RECORD EXTRACTS »

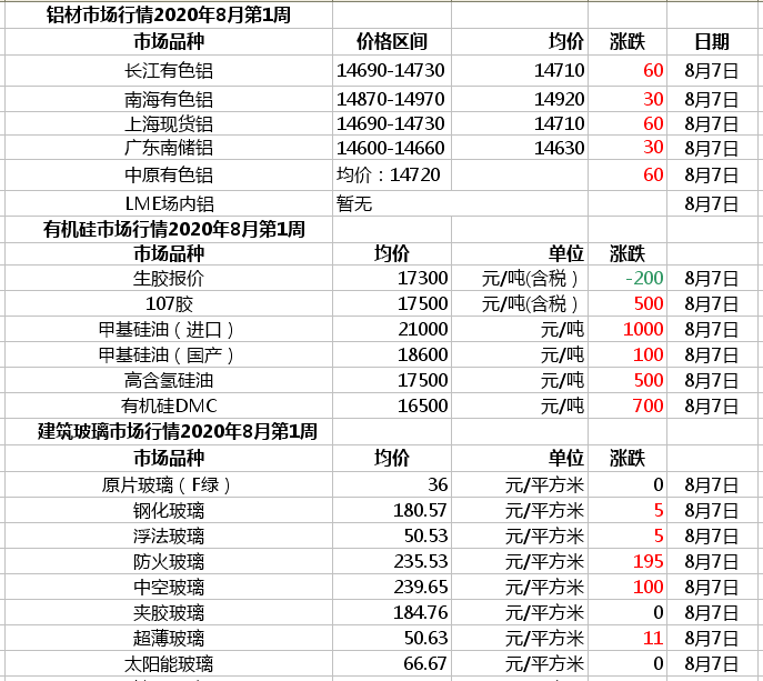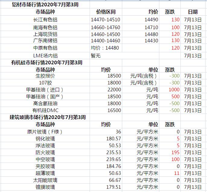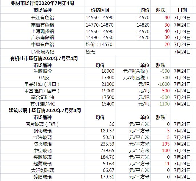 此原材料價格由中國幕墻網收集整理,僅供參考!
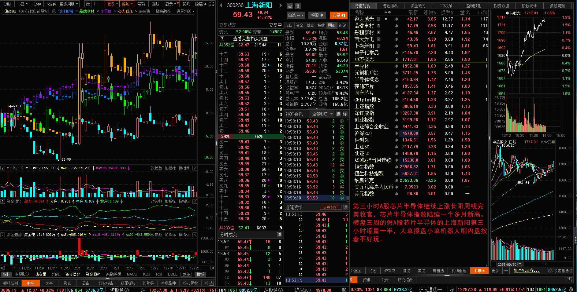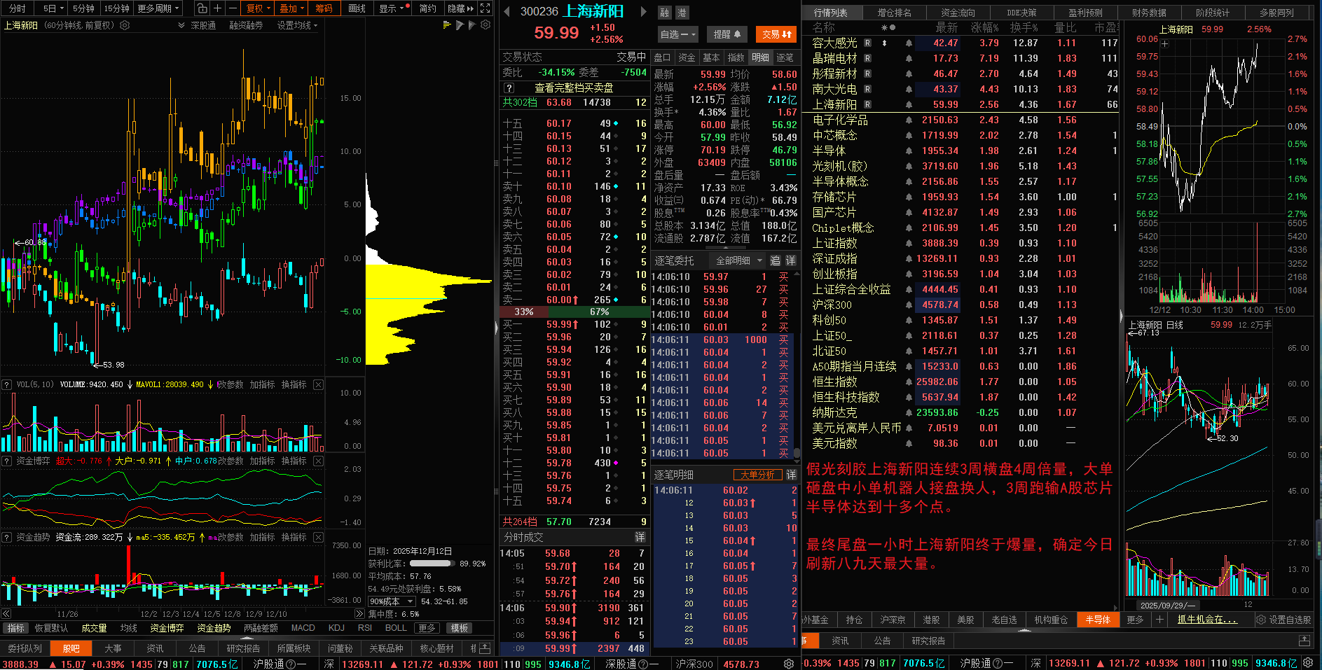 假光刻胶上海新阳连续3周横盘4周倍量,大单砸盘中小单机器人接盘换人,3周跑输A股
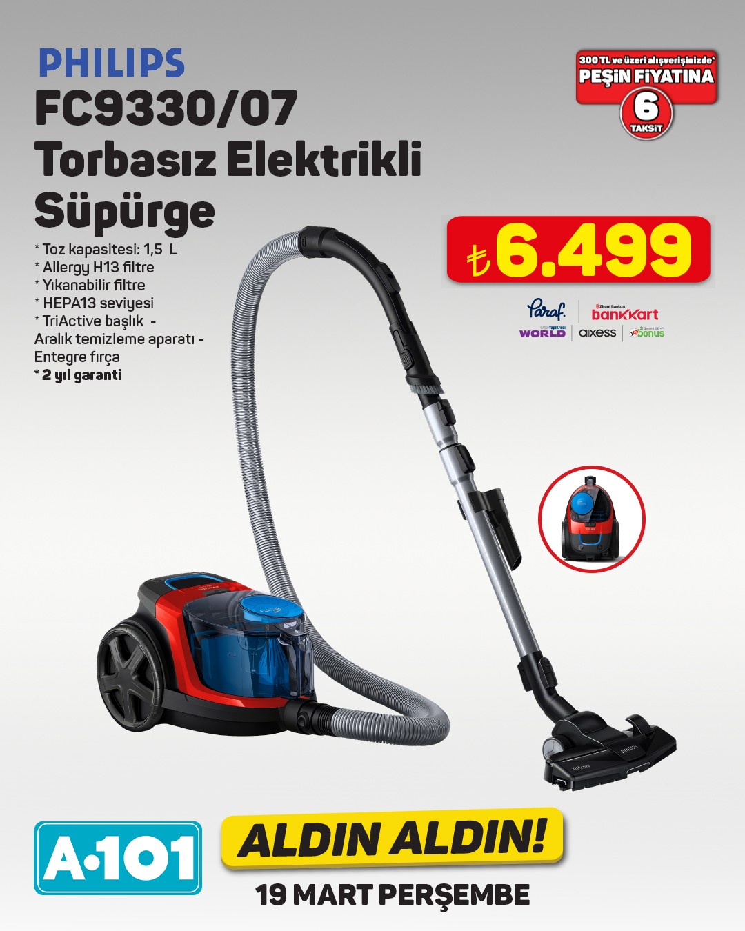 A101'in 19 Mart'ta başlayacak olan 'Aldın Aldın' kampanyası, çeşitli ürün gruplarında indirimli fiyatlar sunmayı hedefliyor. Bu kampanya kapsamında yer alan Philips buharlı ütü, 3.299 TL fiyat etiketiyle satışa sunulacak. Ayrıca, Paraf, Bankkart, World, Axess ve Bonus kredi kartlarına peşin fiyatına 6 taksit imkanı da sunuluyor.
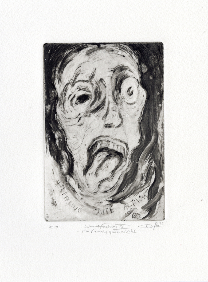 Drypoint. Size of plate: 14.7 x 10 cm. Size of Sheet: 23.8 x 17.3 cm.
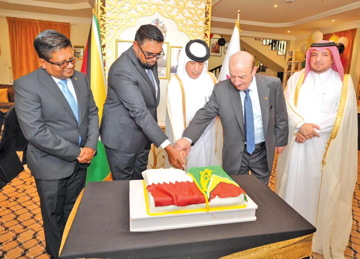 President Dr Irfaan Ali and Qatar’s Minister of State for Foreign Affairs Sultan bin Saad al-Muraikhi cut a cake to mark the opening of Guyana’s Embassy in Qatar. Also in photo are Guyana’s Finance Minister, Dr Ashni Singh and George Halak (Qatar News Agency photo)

* * *

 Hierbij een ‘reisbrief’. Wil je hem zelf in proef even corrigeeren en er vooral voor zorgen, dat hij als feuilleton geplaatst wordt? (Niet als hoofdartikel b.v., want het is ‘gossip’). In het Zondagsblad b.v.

REQUIRED ACTION » Exact copy, no pictures. Write out the lines in the entries above, starting with the line with "Drypoint. Size of" and going on through the line with "President Dr Irfaan", keeping both.

RESULT BELOW »
 Drypoint. Size of plate: 14.7 x 10 cm. Size of Sheet: 23.8 x 17.3 cm.
 President Dr Irfaan Ali and Qatar’s Minister of State for Foreign Affairs Sultan bin Saad al-Muraikhi cut a cake to mark the opening of Guyana’s Embassy in Qatar. Also in photo are Guyana’s Finance Minister, Dr Ashni Singh and George Halak (Qatar News Agency photo)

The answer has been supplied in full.